:: What is required ::
Keep every word of the listing and reproduce it exactly, but set aside any image found there.

:: Supplied data ::
☆ ☆ ☆

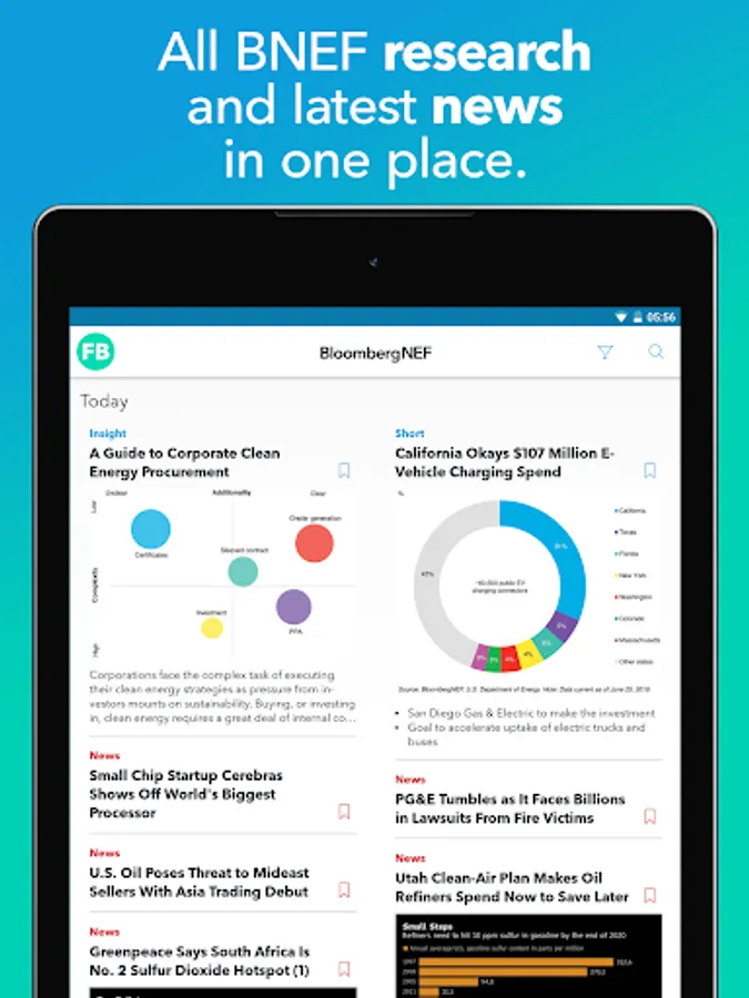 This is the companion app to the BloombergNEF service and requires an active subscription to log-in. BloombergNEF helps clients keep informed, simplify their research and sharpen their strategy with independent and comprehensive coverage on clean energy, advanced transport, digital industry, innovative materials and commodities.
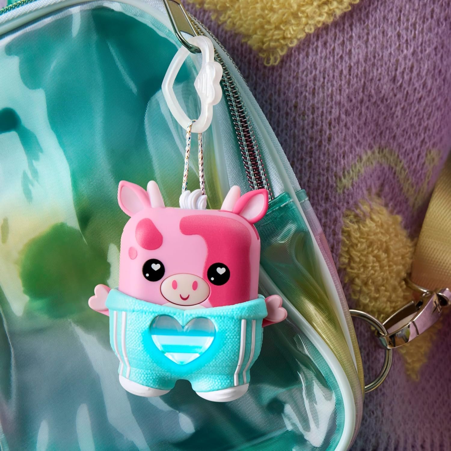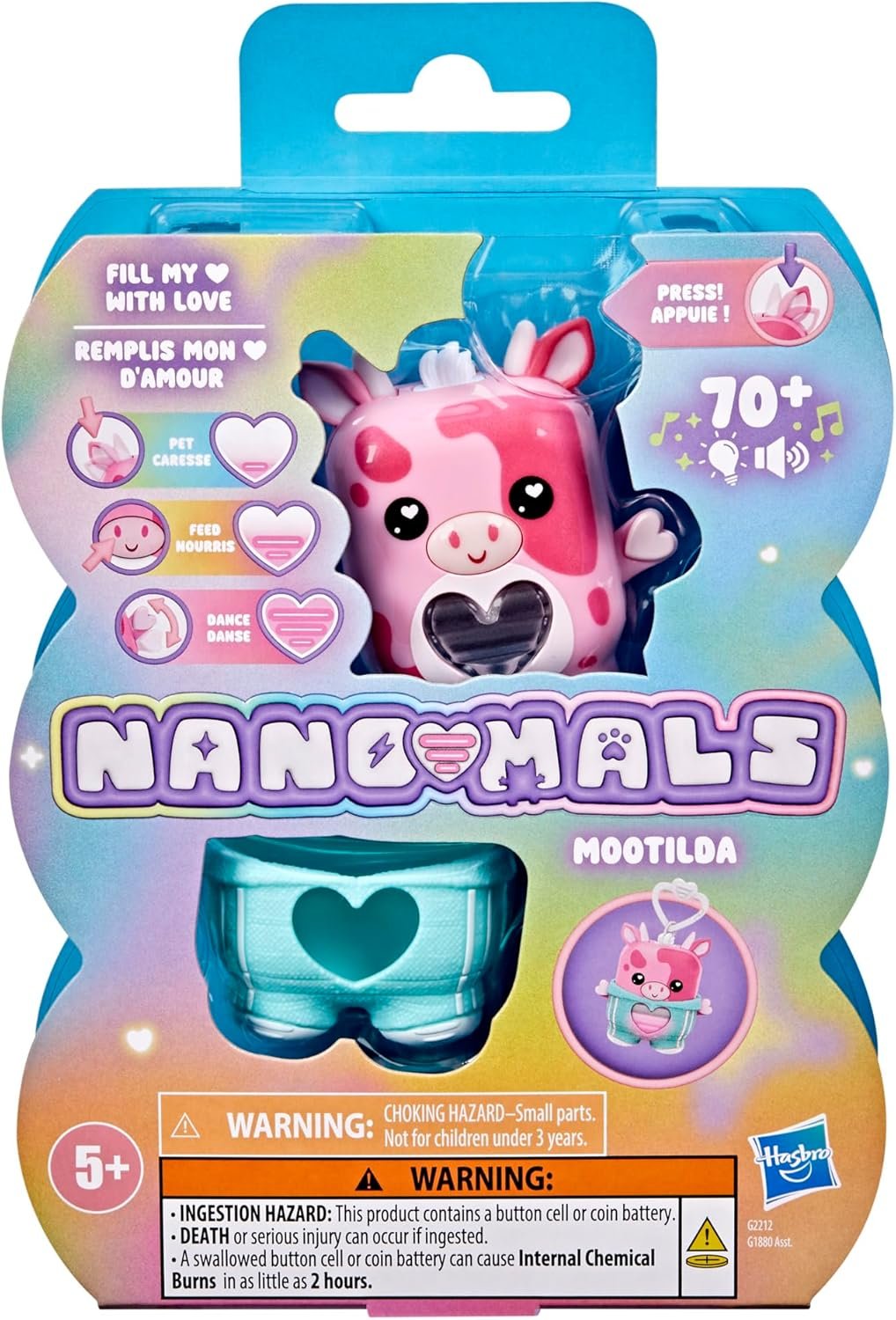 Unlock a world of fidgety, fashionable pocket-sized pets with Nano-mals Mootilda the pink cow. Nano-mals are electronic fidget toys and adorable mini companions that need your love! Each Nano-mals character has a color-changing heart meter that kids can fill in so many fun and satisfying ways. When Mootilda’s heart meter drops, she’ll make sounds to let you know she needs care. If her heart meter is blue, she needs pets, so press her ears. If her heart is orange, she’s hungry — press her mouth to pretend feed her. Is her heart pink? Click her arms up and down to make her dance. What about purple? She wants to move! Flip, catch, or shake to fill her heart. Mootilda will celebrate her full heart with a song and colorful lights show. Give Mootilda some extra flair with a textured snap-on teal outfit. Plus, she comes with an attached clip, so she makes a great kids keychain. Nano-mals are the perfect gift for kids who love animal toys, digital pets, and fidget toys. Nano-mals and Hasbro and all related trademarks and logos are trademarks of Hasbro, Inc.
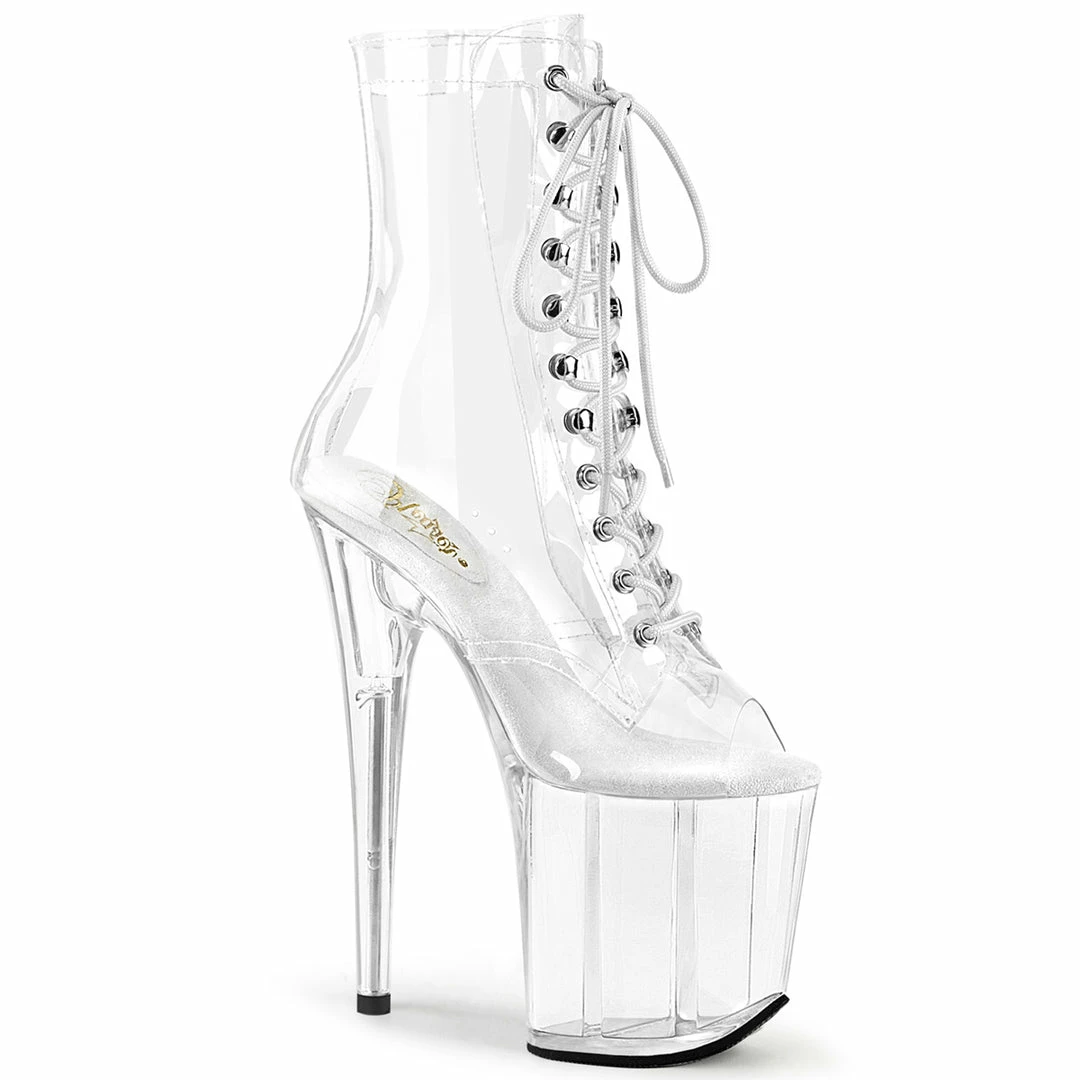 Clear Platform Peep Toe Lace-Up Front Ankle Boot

☆ ☆ ☆

:: Reply ::
 This is the companion app to the BloombergNEF service and requires an active subscription to log-in. BloombergNEF helps clients keep informed, simplify their research and sharpen their strategy with independent and comprehensive coverage on clean energy, advanced transport, digital industry, innovative materials and commodities.
 Unlock a world of fidgety, fashionable pocket-sized pets with Nano-mals Mootilda the pink cow. Nano-mals are electronic fidget toys and adorable mini companions that need your love! Each Nano-mals character has a color-changing heart meter that kids can fill in so many fun and satisfying ways. When Mootilda’s heart meter drops, she’ll make sounds to let you know she needs care. If her heart meter is blue, she needs pets, so press her ears. If her heart is orange, she’s hungry — press her mouth to pretend feed her. Is her heart pink? Click her arms up and down to make her dance. What about purple? She wants to move! Flip, catch, or shake to fill her heart. Mootilda will celebrate her full heart with a song and colorful lights show. Give Mootilda some extra flair with a textured snap-on teal outfit. Plus, she comes with an attached clip, so she makes a great kids keychain. Nano-mals are the perfect gift for kids who love animal toys, digital pets, and fidget toys. Nano-mals and Hasbro and all related trademarks and logos are trademarks of Hasbro, Inc.
 Clear Platform Peep Toe Lace-Up Front Ankle Boot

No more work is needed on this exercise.